Union Pacific CEO Jim Vena clapped back at a recent contention from rival railroad BNSF Railway that the company would eliminate 300 intermodal lanes upon the approval of its takeover of Norfolk Southern.

Berkshire Hathaway-owned BNSF, which is the top competitor to Union Pacific in the Western U.S., stated in a public rebuke last month that the proposed $85 billion merger would be cause long-term harm for industrywide competition and result in higher freight rates for shippers.

Vena’s defense felt more sarcastic than serious at times during his chat at Tuesday’s Baird Global Industrial Conference, noting that he had the BNSF statement sitting on his bathroom wall. But he questioned why Union Pacific take that action, and denied the number that BNSF reported.

“Why would we shut off 300 lanes? First of all, we do not have 300 lanes like in intermodal. There are not that many lanes…one that goes north out of L.A., another one that goes to Chicago, another one that goes to Memphis, another one goes to Atlanta.
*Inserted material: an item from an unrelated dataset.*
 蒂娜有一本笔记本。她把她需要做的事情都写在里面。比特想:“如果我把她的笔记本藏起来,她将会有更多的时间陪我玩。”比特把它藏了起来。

I had to ask [Kenny Rocker, Union Pacific’s executive vice president of marketing and sales], are you hiding 290 lanes from me that I do not understand? They said we are going to shut down that many and I laugh.”
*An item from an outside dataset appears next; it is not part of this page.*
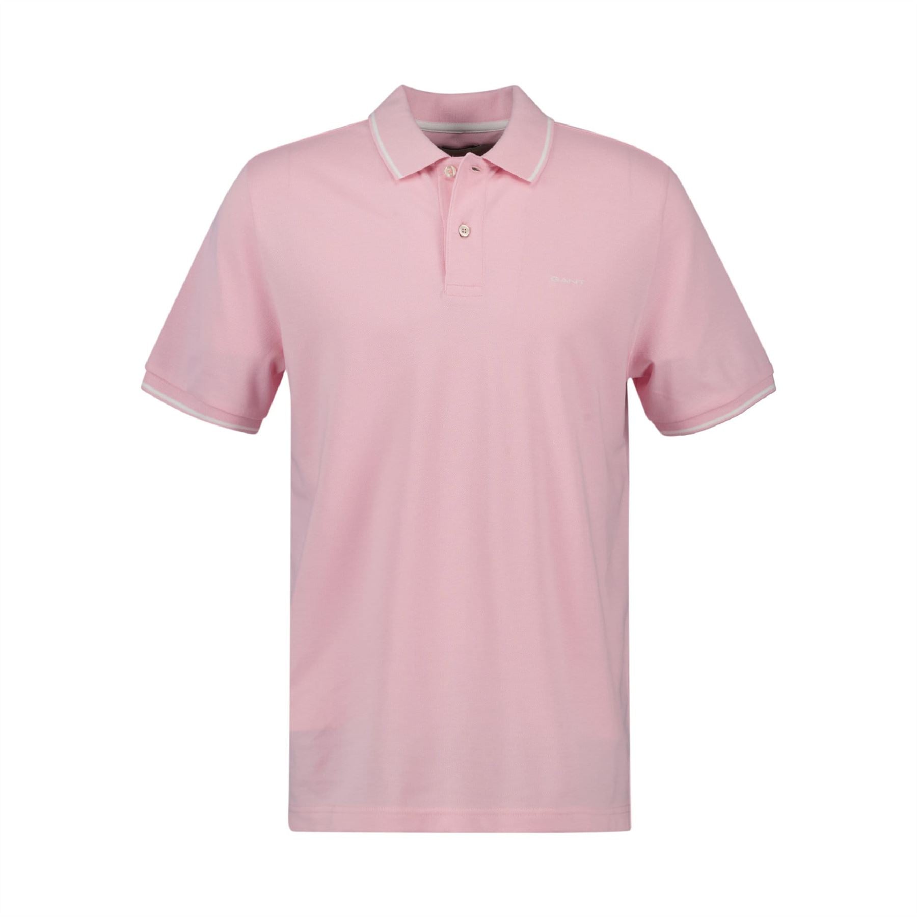 Crafted from 100% cotton in a soft piqué texture this GANT polo shirt is cut for a regular fit. It is designed with short sleeves a flat knit collar and a two button placket. This polo shirt features tipping on the cuffs and collar plus the signature GANT logo embroidered at the chest.

Vena made his comments three days before shareholders of both Class I railroads voiced their overwhelming approval of the acquisition, clearing one of the hurdles necessary for the merger to go through.

BNSF did not acknowledge whether Vena’s comments refuted its reported number in a statement, but president and CEO Katie Farmer responded with a message of her own Wednesday.

“I’m sure the nation’s rail customers are relieved that UP is committing to keep all current intermodal lanes open if their merger with NS is approved,” said Farmer. “UP highlighted in prior rail industry mergers that the new merged railroad usually raises rates on competing interchange partners to the point of making those lanes economically uncompetitive.”

BNSF had indicated in the two-page message to customers that 90 intermodal facilities closed after the last major Class I merger between Canadian Pacific and Kansas City Southern, which resulted in “several hundred fewer intermodal lane options and communities permanently losing their intermodal access.”

With the release of Farmer’s statement, BNSF said that many of its criticisms were similar to Union Pacific’s own position during the merger process of the now combined Canadian Pacific Kansas City (CPKC).

At the time, Union Pacific argued in filings to the Surface Transportation Board (STB) that if the board does authorize the transaction, it should impose conditions to “prevent the reduction of competitive options at gateways, particularly the Laredo Gateway.”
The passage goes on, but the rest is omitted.